# Nikon D80 "Err F" error?



## freddyb (Jan 21, 2011)

hello, 

i am new to this forum, i am not sure if i am in the right section.

well i have a nikon D80 and 2 months ago it started to give me an error.. it wont focus and it wont save the picture..

its always flashing saying "Err" and when i press to snap a picture it says "lo F3.5"
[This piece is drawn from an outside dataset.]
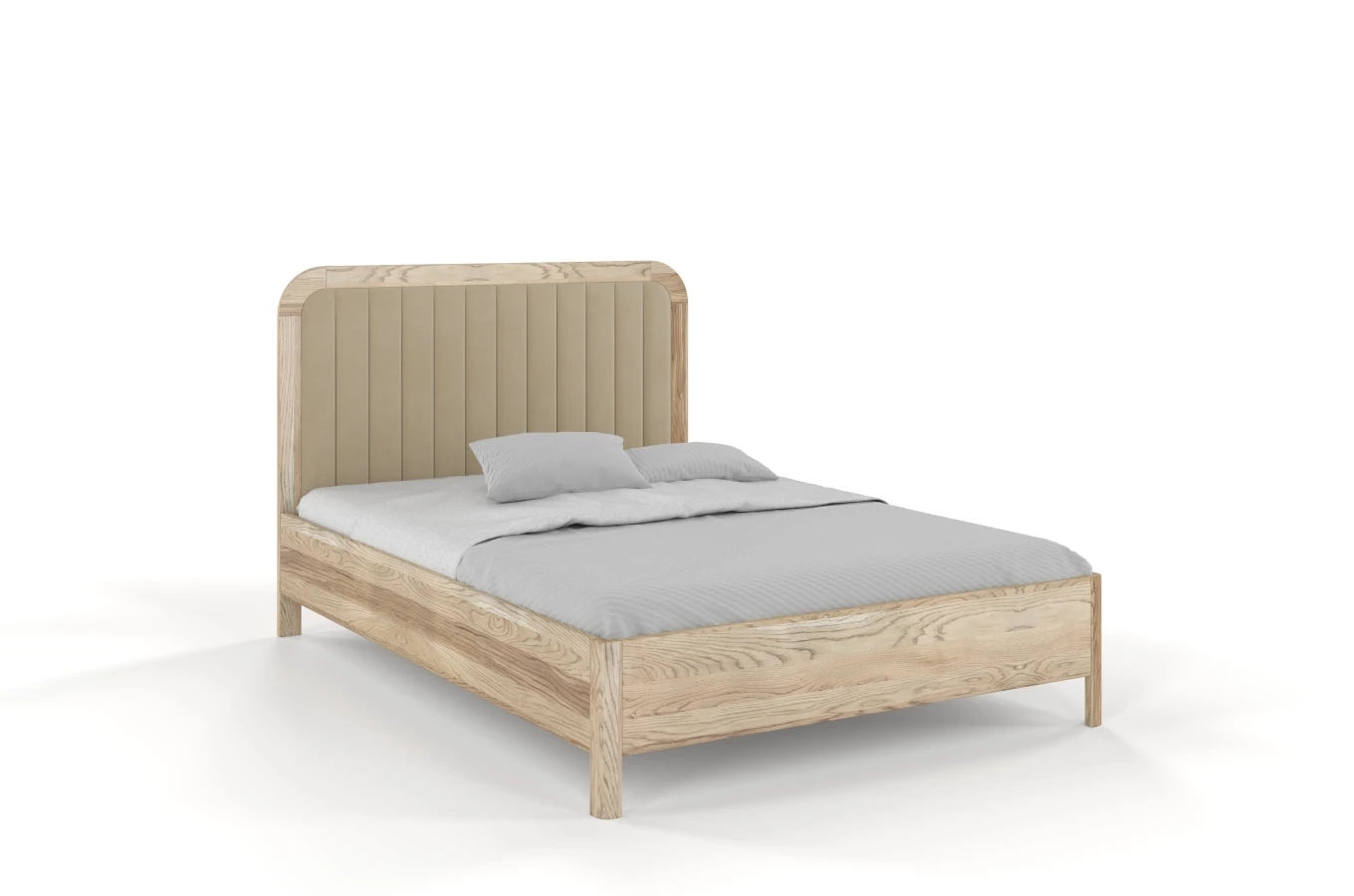 Drewniane łóżko z tapicerowanym zagłówkiem i zaokrąglonych brzegach

any help on how i can get this camera back working?

thanks,
freddyb


----------



## PhillyPhoton (Jan 21, 2011)

looking in the manuel of my D90

says that Err is a camera malfunction and 

realease shutter, if error persists or appears frequest consult nikon authorizied service dealer,

have you tried to google it or sometimes there may be a helpful video on youtube to walk you through a fix


----------



## freddyb (Jan 21, 2011)

PhillyPhoton said:


> looking in the manuel of my D90
> 
> says that Err is a camera malfunction and
> 
> ...



yea, i looked at the d90's user manual too.. and it says the same thing,

ive tryed googling it and youtube too.. but it still presists and i have no nikon dealer close to my house... :S

but still thanks.


----------



## PhillyPhoton (Jan 21, 2011)

search the forum "D80 err" i just did and found quite a few posts, you may have some luck there


----------



## freddyb (Jan 21, 2011)

PhillyPhoton said:


> search the forum "D80 err" i just did and found quite a few posts, you may have some luck there



no luck  ... any more diognostics i can do?


----------



## KmH (Jan 21, 2011)

You can download a D80 users manual at nikonusa.com.


----------